Im Obergeschoss befinden sich die Funktionsräume oder Bildungsinseln. Die Ausstattung bezieht sich auf bestimmte Bildungsbereiche, auf die in jedem Raum ein differenzierter Schwerpunkt gelegt wird.

Flurnutzung: Im oberen Flur befindet sich derzeit der Bereich mit verschiedenen Materialien zum Bauen und Konstruieren.

Atelier/Werkraum: Sämtliche Materialien zum werkkreativen Gestalten sind hier für alle Kinder zugänglich. Gearbeitet wird an unterschiedlich hohen Tischen oder auf dem Fußboden.

Legoraum: Unter Anleitung einer Fachkraft werden Sie Ihnen die Welt der Mathematik nahegebracht.

Rollenspielraum: Über 3 Ebenen können Kinder hier ihre Rollenspiele, Theaterstücke, Verkleidungskünste entwickeln, ausprobieren und ungestört genießen.

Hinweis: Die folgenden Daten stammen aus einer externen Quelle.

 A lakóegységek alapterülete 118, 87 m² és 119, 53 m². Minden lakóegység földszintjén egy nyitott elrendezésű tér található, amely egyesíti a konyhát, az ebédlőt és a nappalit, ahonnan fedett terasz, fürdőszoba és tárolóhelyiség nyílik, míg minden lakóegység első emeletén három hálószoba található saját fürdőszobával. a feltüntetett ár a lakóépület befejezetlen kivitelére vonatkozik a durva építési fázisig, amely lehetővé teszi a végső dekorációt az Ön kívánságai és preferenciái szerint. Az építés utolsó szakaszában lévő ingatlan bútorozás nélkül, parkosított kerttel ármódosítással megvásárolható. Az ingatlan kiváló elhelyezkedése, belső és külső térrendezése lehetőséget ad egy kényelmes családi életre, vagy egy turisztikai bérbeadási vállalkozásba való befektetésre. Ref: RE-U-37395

Bewegungsbaustelle: Ein relativ großer, leerer Raum mit Kletterwand Schaumstoffwürfeln und Matten lädt zum toben, klettern, bauen, springen etc. ein. Materialien zum Ausprobieren unterschiedlichster Bewegungsabläufe sind den Kindern nach Absprachen zugänglich (Trampolin, Rollbretter, Kreisel, Bälle...). Die Motopädin nutzt überwiegend diesen Raum für die mototherapeutische Behandlung der Kinder mit besonderem Förderungsbedarf.

Therapieraum: Ein reizarmer Raum mit therapeutischem Material für die Kinder mit besonderem Förderungsbedarf. Dieser Raum dient ebenfalls der Kleingruppenarbeit (z. B. Vorschulkinderprojekt) oder Einzelsituationen, die eine besondere Konzentration verlangen. Dieser Raum wird von den Kindern nur in Begleitung des pädagogischen oder therapeutischen Personals genutzt.

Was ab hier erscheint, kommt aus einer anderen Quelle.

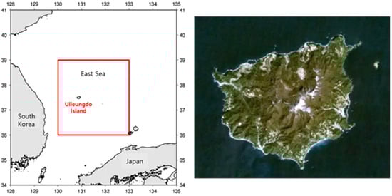 Figure 2 shows Geographical location and satellite view of Ulleungdo Island in the East Sea (Sea of Korea). The left panel shows the regional context of Ulleungdo, situated approximately 120 km east of the Korean Peninsula within the East Sea. The red box highlights the study area used for sea level trend analysis. The right panel presents a high-resolution satellite image of Ulleungdo Island, which serves as the primary location for tide gauge observations and vertical datum assessment in this study.

Oberer Hafen: Ein Raum mit kontinuierlicher pädagogischer Präsenz; Schwerpunkte sind hier verschiedenste Regelspiele. An den oberen Hafen grenzt der Ruheraum und das behindertengerechte WC mit Wickelkommode.

Musik/ Entspannung/ Ruheraum: Hier befinden sich Instrumente (gekaufte und selber hergestellte), CD- und Kassettenrecorder mit entsprechenden Medien. Matratzen laden ein zum Verweilen, Zuhören und Ausprobieren von Klang & Rhythmus, Geschichten werden hier erzählt, entwickelt, und mit vielen Sinnen erfahren. Im Nachmittagsgeschehen liegt der Schwerpunkt auf Entspannungsangeboten.

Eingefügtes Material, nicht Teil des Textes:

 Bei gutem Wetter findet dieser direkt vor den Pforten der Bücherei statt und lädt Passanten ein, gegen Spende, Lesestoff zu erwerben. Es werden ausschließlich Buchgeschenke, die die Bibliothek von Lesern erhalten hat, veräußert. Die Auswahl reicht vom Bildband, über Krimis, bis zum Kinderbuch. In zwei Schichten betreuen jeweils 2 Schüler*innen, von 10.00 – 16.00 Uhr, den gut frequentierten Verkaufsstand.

Außengelände/ Umfeld: Aufgrund des relativ jungen Alters der Einrichtung ist das Außengelände noch nicht endgültig gestaltet. Das Wiesengelände ist sehr weitläufig und eben, sodass sich gerade eine Projektgruppe mit der langfristigen Gestaltung des Geländes befasst. Naturnahe Spielräume sollen erhalten bleiben, bzw. Ecken, Nischen und Räume geschaffen werden, in denen die Kinder natürliche Freiräume erfahren können. Zwei Spielhügel mit Tunneln wurden zurzeit unter Elternmitwirkung finanziert und gebaut. Eine Wasserpumpe, große Sandflächen, Weidentipis, Hölzer, Steine etc. laden zum experimentieren mit verschiedenen Elementen und Materialien ein. Der benachbarte städtische Spielplatz bietet Kletter- und Schaukelmöglichkeiten. Fußläufig sind Wald, Wiesen und Geschäfte erreichbar.